Sharing the experience
In 2010 Ned Rocke started the Crystal Palace FC Melbourne Supporters group as a way to connect with other fans of the South London Premier League side after he moved to Australia from England. Although he admits supporting Crystal Palace is what made him fall in love with the game, since moving to Australia he has also started following Melbourne Victory.
Despite admitting that the quality of football may not be as good, the thing that keeps him interested in the A-League is simply being able to watch live football with other supporters. However, he says it may be hard to return to the better crowds the A-League once had.
“The issue is that the league alienated a lot of those fans by allowing games to be horribly over-policed, so winning those people back will be difficult,” Rocke says.
“If they want crowds back, they need that atmosphere back with active fans that bring that colour and noise.”
Rocke says the quality on the pitch is irrelevant to the issue of poor crowds, and that the league should focus solely on improving the atmosphere around games.

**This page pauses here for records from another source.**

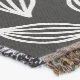 This throw blanket has a black background and white leaves. Graceful white leaves curve across the surface. his design speaks to lovers of earthy boho aesthetics, boutique-style decorators, and anyone curating a cosy, nature-inspired home. Perfect for those who appreciate understated elegance with a poetic twist.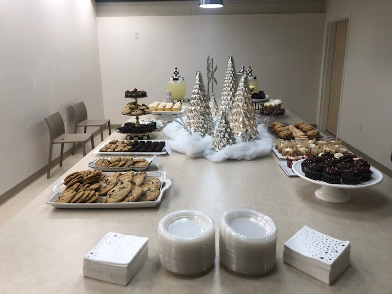 Families stock the faculty/staff lounge with goodies and surprises to keep everyone fueled during finals week.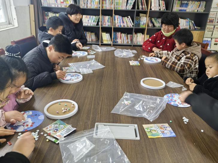 在志愿者细致地讲解步骤后,家长与孩子们纷纷动手创作大寒主题图画。裁剪、拼贴、布局……轻声讨论间,笑意洋溢;合作完成时,温情流动。一位家长感慨:“平时忙忙碌碌,很少这样静下心来陪孩子一起做一件事。今天不仅做了手工,更走进了孩子的世界。”

“Victory used to get some 30,000-40,000 people with some truly awful players … attendance did not drastically increase when players like Del Piero and Romario came to the league. They drastically increased when fans were active, and loud,” he says.
“You can bring all the players you want. It’s never going to be Real Madrid vs Barcelona. People can get their fix of good quality football on TV, but you can’t experience a live stadium atmosphere on your couch eating Doritos at 4am. You can’t beat live football.”
While the A-League may never match the Premier League in terms of on-field quality, one thing they may be able to take away from the success of the Premier League is the system of promotion and relegation.
During a State of Football episode on Optus Sport, 98 per cent of viewers voted in favour of bringing promotion and relegation into the A-League. It’s a potential way to capitalise on the success that grassroots programs are having, while also increasing the excitement around the competition.
Implementing promotion and relegation would offer smaller clubs the opportunity (although slim) to make it to the top level.
Coming from a country where promotion and relegation is commonplace, Rocke says it could be the thing that the league needs to create more interest from local grassroot clubs.
“It has the potential to drive that interest (from) the people who play but don’t support the A-League, especially the ones that have stopped following. It brings a whole new group of fans, and the league needs that.”